Figure 6. GCG neuronal activation alters metabolic rate and fasting locomotion, but has no effect on conditioned taste aversion, corticosterone levels, or anxiety-related behaviors.

(A–C) GCG stimulation produces a small change in energy metabolism, with no effect on carbohydrate and fat utilization. CNO injection increased metabolic rate during the 3 hours after dark onset (A, VO₂, paired t test n = 8, t = 2.661, *P = 0.0324; and VCO₂, paired t test t = 2.273, P = 0.05), with no change in RER (B, paired t test, t = 0.1026, P = 0.9212). Activity was reduced (beam break counts in C; paired t tests t = 3.12 and 3.18, *P = 0.017 and 0.016, for X and Y ambulations, respectively). (D) Ucp1, Pparg, and Pgc1a gene expression was unchanged in iBAT dissected from CNO- and saline-treated animals Ucp1 (t test t = 0.94, P = 0.398), Pparg (t test, t = 0.462, P = 0.66), Pgc1a (t test, t = 0.07, P = 0.94). (E) Fourteen days of HCD feeding followed by CNO injections every 8 hours for 48 hours did not produce a change in body weight (2-way repeated measures ANOVA, F_1,6 = 1.336, P = 0.292). (F) CNO did not affect saccharin preference (paired t test, t = 0.7649, P = 0.4733). Positive control LiCl produced a strong conditioned taste aversion (paired t test, t = 5.816, P = 0.0011). (G) CNO did not increase serum corticosterone levels at 70 and 90 minutes, despite producing a reduction in food intake (shown in Figure 4A) (ANOVA, F_2,35 = 0.1134, P = 0.3834). (H–J) CNO injection did not change performance in the elevated plus maze (H, t test, open arms t = 0.7684, P = 0.4534; closed arms t = 0.6968, P = 0.4954), open field (I, time spent in open field, t test, center t = 0.1924, P = 0.8509, border t = 0.3785, P = 0.7123; J, locomotor activity reflected in distance traveled in both border and central zones, t test, border t = 0.5473, P = 0.5991, central t = 0.02015, P = 0.9844).

Figure 7. Anorexigenic effect of GCG neuronal stimulation is enhanced in DIO Gcg-Cre mice.

n = 6–7 control and GCG-Gq DREADD mice were fed HCD (Teklad TD88137) ad libitum for 5 months prior to testing. (A) CNO stimulation reduced food intake following an 18-hour fast compared with control CNO-injected littermates (2-way repeated measures ANOVA, significant effects of time [F_3,33 = 72.91, ****P < 0.0001] and CNO treatment [F_1,11 = 36.04, ****P < 0.0001]). (B) Prior to testing the effects of CNO injection on body weight, control and GCG-Gq DREADD mice exhibited no difference in mass (2-way repeated measures ANOVA, F_1,11 = 0.02455, P = 0.8783). (C) Regular injections of CNO spaced 12 hours apart significantly reduced body weight in the GCG-Gq DREADD animals but had no effect on controls (2-way repeated measures ANOVA, significant effects of time [F_4,44 = 5.02, **P = 0.002] and CNO [F_1,11 = 14.59, **P = 0.0028]). (D) Fat mass was reduced (t test, t = 3.76, **P = 0.0032), while no change in lean mass (t test, P = 0.11) was seen. (E and F) No effect of CNO injection on glucose homeostasis was observed. (E) Two-way repeated measures ANOVA, significant effect of time (F_4,44 = 42.82, P < 0.0001), no effect of CNO treatment (F_1,11 = 4.182, P = 0.655). (F) Two-way repeated measures ANOVA, significant effect of time (F_4,44 = 86.73, P < 0.0001), no effect of CNO treatment (F_1,11 =4.447, P = 0.0587).
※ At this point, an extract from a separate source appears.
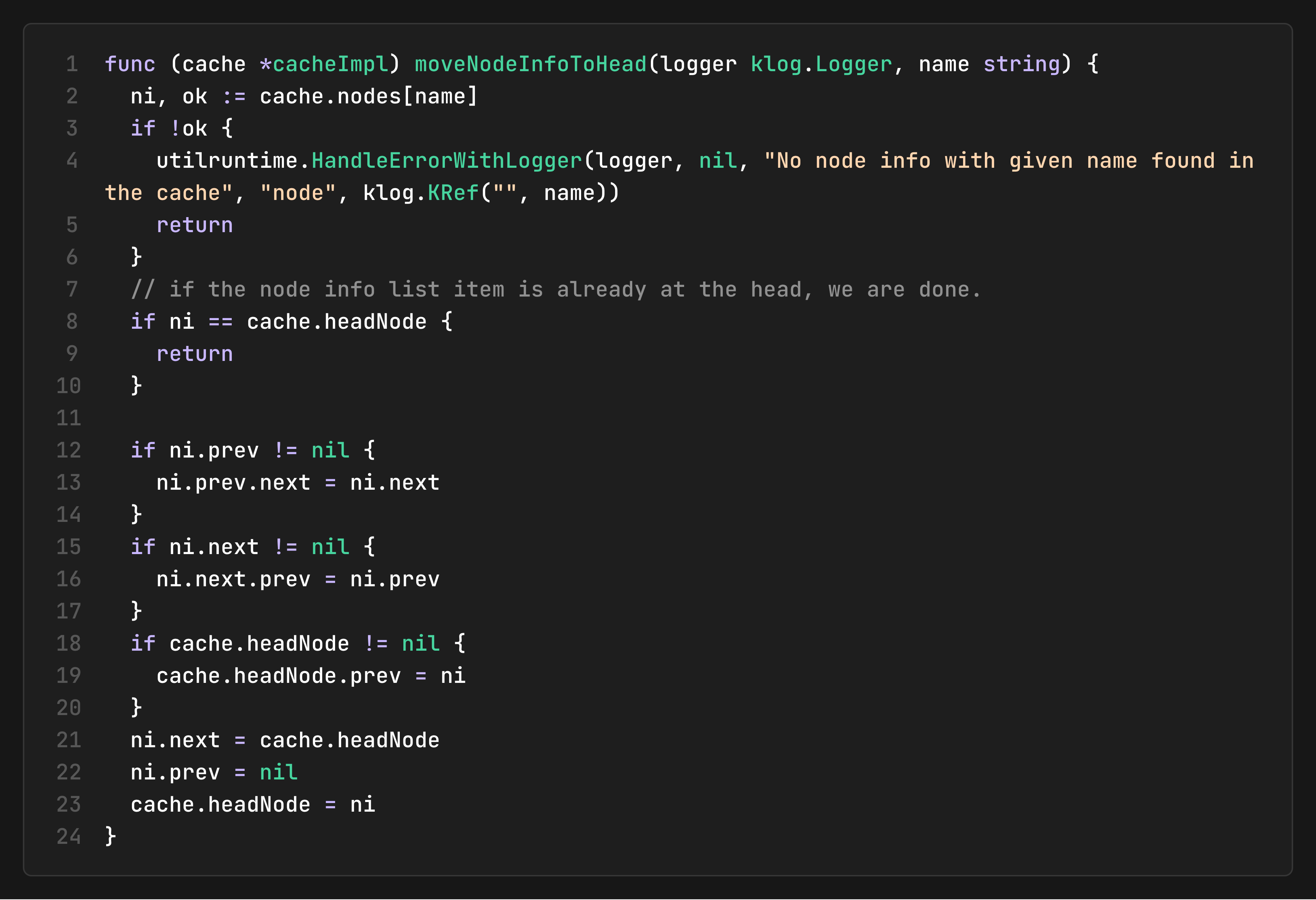 The cache uses a doubly-linked list to maintain node information in LRU order, ensuring that frequently accessed nodes are at the head of the list and improving cache locality and snapshot generation performance:
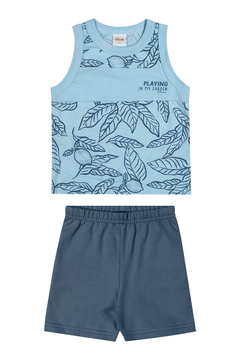 • Conjunto composto por regata e bermuda • Feito em malha flamê e moletinho • Estampa com tema natureza • Detalhe em recorte frontal • Elástico no cós • Ideal para dias de calor e aventuras ao ar livre

No effect of CNO was observed on fed insulin levels (G, t test t = 0.758, P = 0.464) or on glucose uptake (H, n = 3 mice per group, t test for each tissue sourced from CNO-treated WT and GCG-Gq DREADD animals, EDL t = 0.058, P = 0.958; TA t = 1.604, P = 0.1840; soleus t = 0.2589, P = 0.8085; WAT t = 0.8964, P = 0.4207; liver t = 1.200, P = 0.2964).